Google just permanently banned hundreds of Google AI Pro ($20/mo) and Ultra ($249/mo) subscribers for using OpenClaw. No warning. No appeal path. While still charging them.
This is the same pattern we've been writing about since January. Here's what happened, why it matters, and why Yep Anywhere users aren't affected.
What happened
OpenClaw added support for Google's Antigravity backend — the infrastructure powering Google's first-party AI products. Users authenticated OpenClaw with their Google account via OAuth, and the tool routed coding-agent requests through Antigravity's subsidized API.
Google detected this and applied zero-tolerance bans. A Google employee confirmed on X:
"We've been seeing a massive increase in malicious usage of the Antigravity backend that has tremendously degraded the quality of service for our users. We needed to find a path to quickly shut off access to these users that are not using the product as intended."
The Antigravity Terms of Service (Section 6) explicitly prohibits "using the Service in connection with products not provided by us." OpenClaw's plugin was literally called google-antigravity-auth. The Hacker News thread has 478 comments and counting.
The real problem: economics, not ethics
The technical argument for the ban is straightforward. Google aggressively caches prompts for its own first-party clients — prompt caching is how they make $20/mo subscriptions viable. Third-party tools break those cache hit rates. As one HN commenter put it:
"Third-party tools break those cache hit rates, potentially increasing serving costs 5-10x per request. That's a legitimate economic concern."
The buffet analogy from the thread is apt: you paid for all-you-can-eat, but you brought your own takeaway boxes. The restaurant has every right to kick you out. What they don't have the right to do is keep charging you after they've locked the doors.
The enforcement is indefensible
Most of the internet agrees: the ban itself is within Google's rights, but the execution is a disaster.
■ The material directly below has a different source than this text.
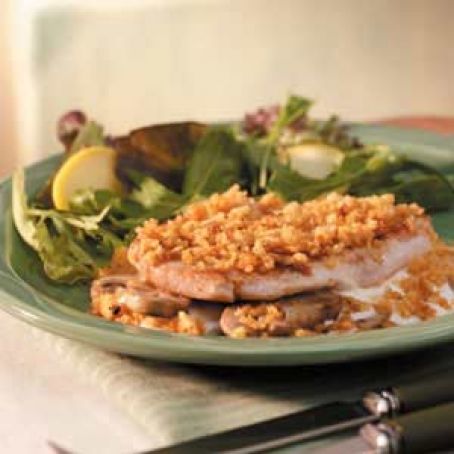 Rich, creamy mushroom stuffing inside moist chops makes this dish special enough to serve company. “

- Zero-tolerance permanent bans on paying subscribers with no warning
- No graduated response — no email, no "stop doing this or else," just account gone
- Still charging $249/month on bricked accounts
- False positives — people who never used OpenClaw getting banned
- Kafkaesque support — departments bouncing users between each other with no escalation path
One commenter called it "the worst customer experience I've ever seen for a trillion-dollar company." Others noted that a simple "we noticed you're using a third-party tool — please stop or switch to API access" email would have been trivially easy and infinitely more humane.
A pattern, not an incident
This isn't new. We've been tracking this exact pattern:
- January 2026: Anthropic blocks third-party tools that spoof Claude Code's client identity. We wrote about how YA differs from those tools.
- February 2026: Anthropic updates legal docs, causing confusion about Agent SDK usage. Clarified within hours — individual use is fine.
- February 2026: Google bans Antigravity/OpenClaw users. No clarification, no reversal, no functioning support.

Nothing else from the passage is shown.